She didn't move. Didn't blink. The dessert plate had lowered to her lap.

"You awakened your Eidolon," she said slowly. Not a question. A statement she was trying to fit into the shape of reality.

"Yep."

"At seven years old."

"Mm-hmm."

"That's—" She stopped. Shook her head. "That's impossible."

I shook my head back. Disagreed silently.

The memory surfaced unbidden. The white void. The woman's arms around me, her voice dropping into something almost reverential.

"Someone once told me," I said, "that impossibility is just a wall we build in our own minds. A boundary we accept without questioning whether it was ever really there." I paused. "She said the world rewards those who walk through it."

Reesay stared at me. Not at Kronos. At me.

"Who told you that?" she asked quietly.

I didn't answer. Couldn't answer.
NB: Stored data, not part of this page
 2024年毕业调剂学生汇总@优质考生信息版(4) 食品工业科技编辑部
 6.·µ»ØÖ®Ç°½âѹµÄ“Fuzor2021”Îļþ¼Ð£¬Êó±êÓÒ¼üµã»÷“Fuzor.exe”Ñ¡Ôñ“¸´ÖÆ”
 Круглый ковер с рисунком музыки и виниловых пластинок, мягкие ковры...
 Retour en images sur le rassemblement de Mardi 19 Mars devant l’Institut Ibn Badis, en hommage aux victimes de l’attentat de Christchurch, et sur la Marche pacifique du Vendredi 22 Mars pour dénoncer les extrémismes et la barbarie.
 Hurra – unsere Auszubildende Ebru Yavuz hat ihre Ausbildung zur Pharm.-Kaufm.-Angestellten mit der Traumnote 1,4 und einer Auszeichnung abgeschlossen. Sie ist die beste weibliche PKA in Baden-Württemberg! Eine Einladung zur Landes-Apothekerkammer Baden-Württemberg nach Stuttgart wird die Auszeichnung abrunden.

The memory slipped away like water.

Kronos folded back in. The basement exhaled. The ticking faded.

Reesay was still looking at me like she was seeing someone she didn't recognize.

"What in god's name?"

Aldric's voice cut down the staircase like a blade. He stood at the top with Svenna, framed by the light from the kitchen behind them. His expression was the one he got when a merchant's scales didn't balance, when something didn't add up. There was confusion there, and underneath it, something closer to concern.

Svenna's hand moved to her mouth. She was already shaking her head slightly, like she was trying to reject what she was seeing before she even understood it.
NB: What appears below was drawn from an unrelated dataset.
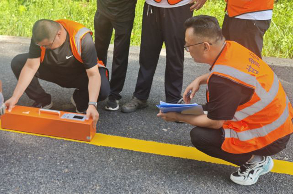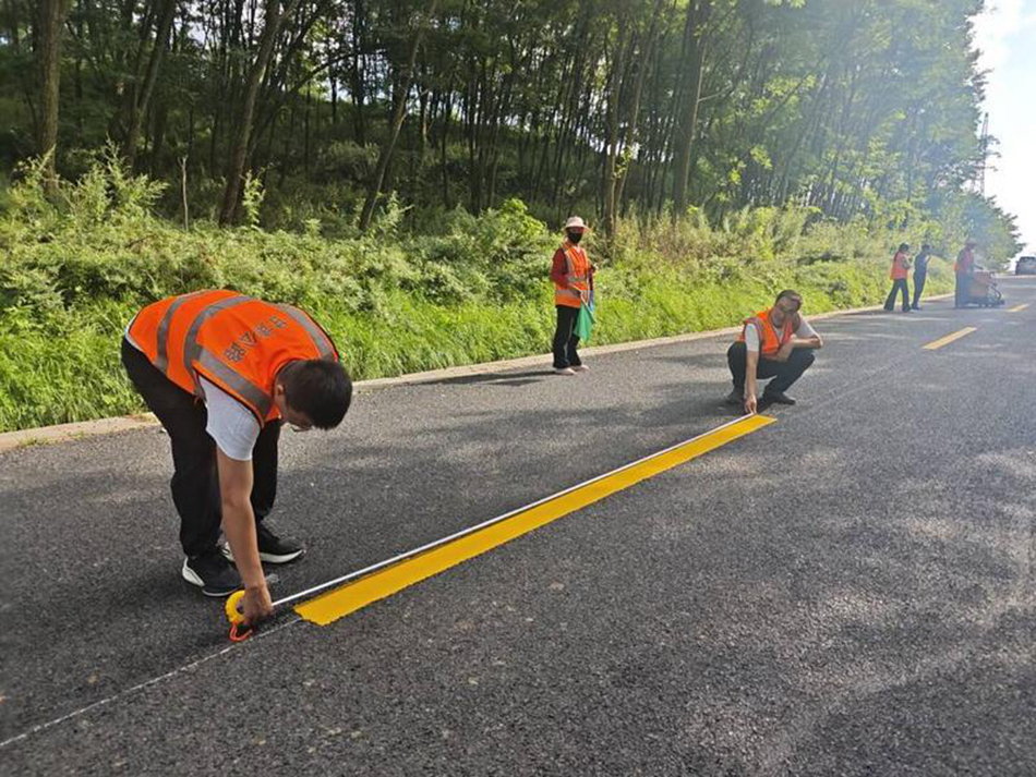 施劃前,該段制定了詳細(xì)的施工方案,對(duì)施工班組進(jìn)行了崗前安全培訓(xùn)和技術(shù)交底。施工過程中嚴(yán)格按照“測(cè)量放線、路面清理、標(biāo)線施劃、成品保護(hù)”的作業(yè)流程操作。同時(shí),按照“邊施工邊檢測(cè)”的原則,施工期間邀請(qǐng)?zhí)焖行脑囼?yàn)檢測(cè)人員對(duì)施劃的新標(biāo)線進(jìn)行“厚度、寬度、反射系數(shù)、實(shí)線和虛線間距”等各項(xiàng)技術(shù)指標(biāo)檢測(cè),確保標(biāo)線規(guī)范、醒目、完善。(趙俊宏 雷震霆)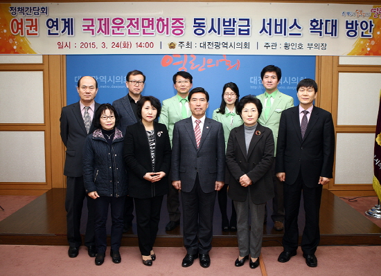 대전시의회(의장 김인식) 황인호부의장(새정치민주연합, 동구1)은 24일 시의회 대회의실에서 ‘여권 연계 국제운전면허증 동시발급 서비스 확대 방안’을 위한 정책간담회를 주관했다.

"Sweethard, what is that?" she asked, troubled. There was a tremor in her voice, the kind that meant she was afraid but trying not to show it. The voice of a mother who suddenly doesn't recognize her own child.

"This is my Eidolon," I said. The words came out clear. Proud. I meant every syllable. "Kronos. My very own."
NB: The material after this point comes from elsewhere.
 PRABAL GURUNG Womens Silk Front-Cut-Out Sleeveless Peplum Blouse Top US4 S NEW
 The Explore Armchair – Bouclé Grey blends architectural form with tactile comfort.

Svenna's hand pressed harder against her lips. I'd expected that reaction. Predicted it. Filed it away like one more data point in a calculation I'd been running for weeks. But seeing it happen was different from imagining it would happen.

"Reesay," Aldric said carefully, descending one step. Then another. His tone was the measured one he used when he was trying to understand something that had caught him off guard. "Was this your doing?"

"Oh no, it was all young mast—" Reesay started, her voice steady despite the shock still visible in her eyes.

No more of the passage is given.